## The task:
Would you transcribe the whole listing exactly, minus its pictures?

## Input data:
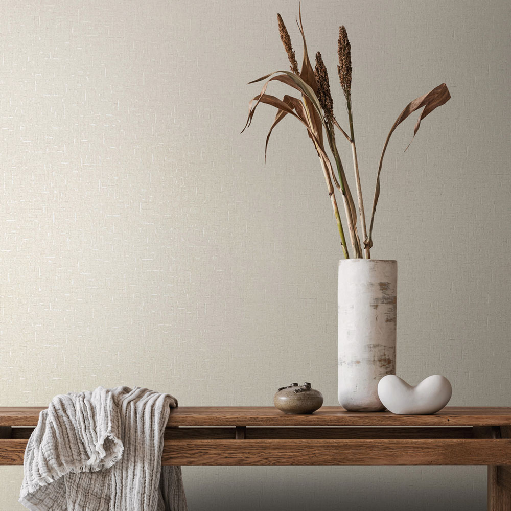 Vliesová tapeta s vinylovým povrchem, látková textura v béžových odstínech, místy metalické plošky.
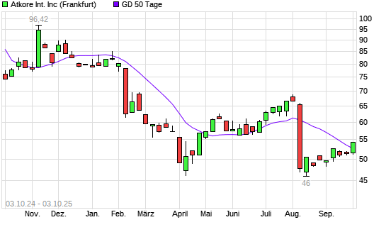 Mit dem Anstieg auf 54,30 EUR hat die Atkore-Aktie am 02.10.2025 die 50-Tage-Linie nach oben gekreuzt.
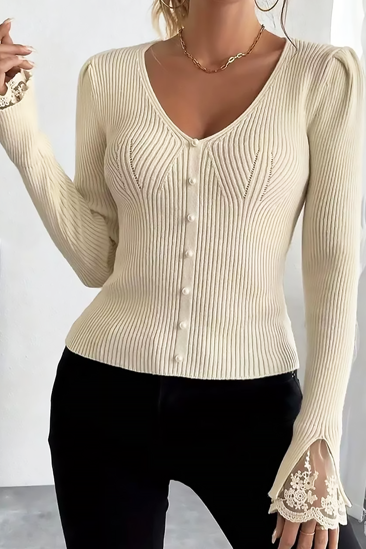 - Bluza ima duge rukave, ukrasne gumbe, pripijeni kroj i elegantan čipkasti detalj.

## Answer space:
 Vliesová tapeta s vinylovým povrchem, látková textura v béžových odstínech, místy metalické plošky.
 Mit dem Anstieg auf 54,30 EUR hat die Atkore-Aktie am 02.10.2025 die 50-Tage-Linie nach oben gekreuzt.
 - Bluza ima duge rukave, ukrasne gumbe, pripijeni kroj i elegantan čipkasti detalj.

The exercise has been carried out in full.